-- Opening Marker --
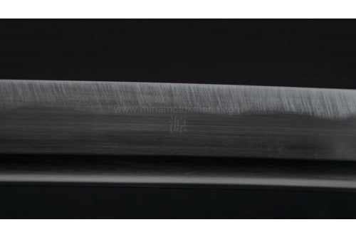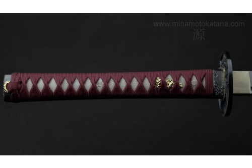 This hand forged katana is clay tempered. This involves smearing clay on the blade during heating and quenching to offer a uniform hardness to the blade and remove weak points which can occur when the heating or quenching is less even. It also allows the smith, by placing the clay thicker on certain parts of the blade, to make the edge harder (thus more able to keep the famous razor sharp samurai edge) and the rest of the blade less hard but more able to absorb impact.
-- Closing Marker --
-- Opening Marker --
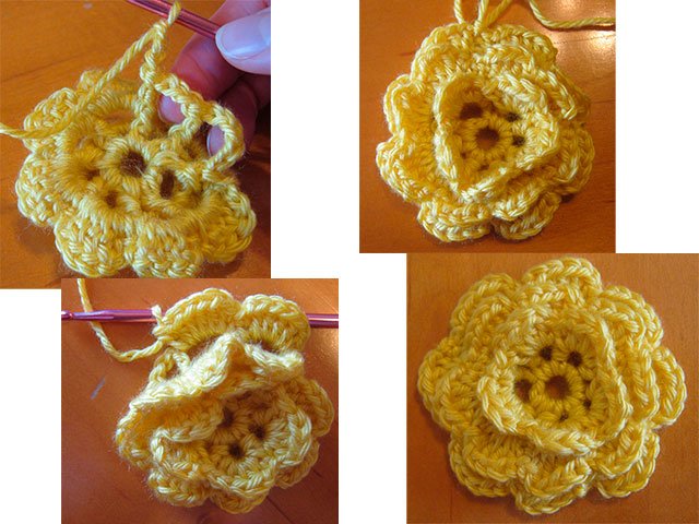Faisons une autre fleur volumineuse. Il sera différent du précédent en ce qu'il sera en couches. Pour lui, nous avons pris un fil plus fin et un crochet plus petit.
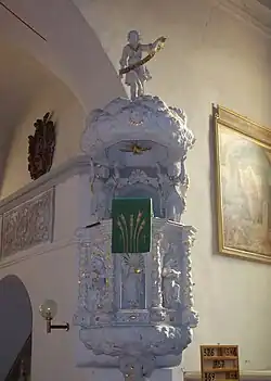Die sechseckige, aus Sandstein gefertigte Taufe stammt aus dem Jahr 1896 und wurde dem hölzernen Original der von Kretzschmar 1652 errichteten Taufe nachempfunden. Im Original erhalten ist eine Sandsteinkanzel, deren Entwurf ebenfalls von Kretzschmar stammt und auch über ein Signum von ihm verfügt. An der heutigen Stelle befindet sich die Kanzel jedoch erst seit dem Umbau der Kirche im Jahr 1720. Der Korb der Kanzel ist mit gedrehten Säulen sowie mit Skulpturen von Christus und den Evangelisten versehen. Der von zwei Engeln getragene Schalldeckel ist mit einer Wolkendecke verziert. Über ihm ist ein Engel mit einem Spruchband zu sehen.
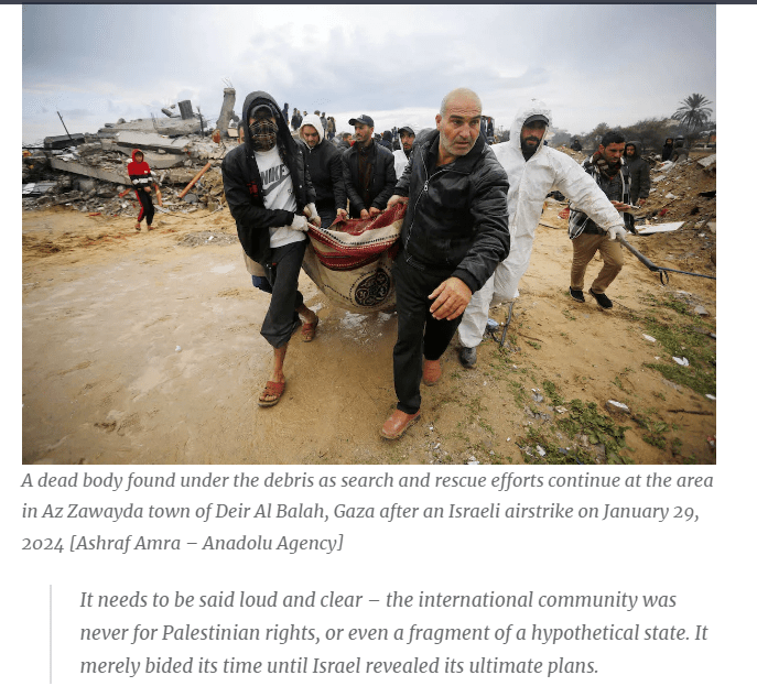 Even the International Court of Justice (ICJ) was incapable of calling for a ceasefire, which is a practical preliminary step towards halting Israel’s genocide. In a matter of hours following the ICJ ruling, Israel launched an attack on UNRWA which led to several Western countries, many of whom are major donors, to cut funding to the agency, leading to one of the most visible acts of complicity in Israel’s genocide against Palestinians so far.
-- Closing Marker --
# DIRECTIONS
In the records above, copy exactly everything from the line that has "Faisons une autre" down to the line that has "Die sechseckige, aus", both ends included, and leave out the pictures.

# ANSWER SPACE
Faisons une autre fleur volumineuse. Il sera différent du précédent en ce qu'il sera en couches. Pour lui, nous avons pris un fil plus fin et un crochet plus petit.
Die sechseckige, aus Sandstein gefertigte Taufe stammt aus dem Jahr 1896 und wurde dem hölzernen Original der von Kretzschmar 1652 errichteten Taufe nachempfunden. Im Original erhalten ist eine Sandsteinkanzel, deren Entwurf ebenfalls von Kretzschmar stammt und auch über ein Signum von ihm verfügt. An der heutigen Stelle befindet sich die Kanzel jedoch erst seit dem Umbau der Kirche im Jahr 1720. Der Korb der Kanzel ist mit gedrehten Säulen sowie mit Skulpturen von Christus und den Evangelisten versehen. Der von zwei Engeln getragene Schalldeckel ist mit einer Wolkendecke verziert. Über ihm ist ein Engel mit einem Spruchband zu sehen.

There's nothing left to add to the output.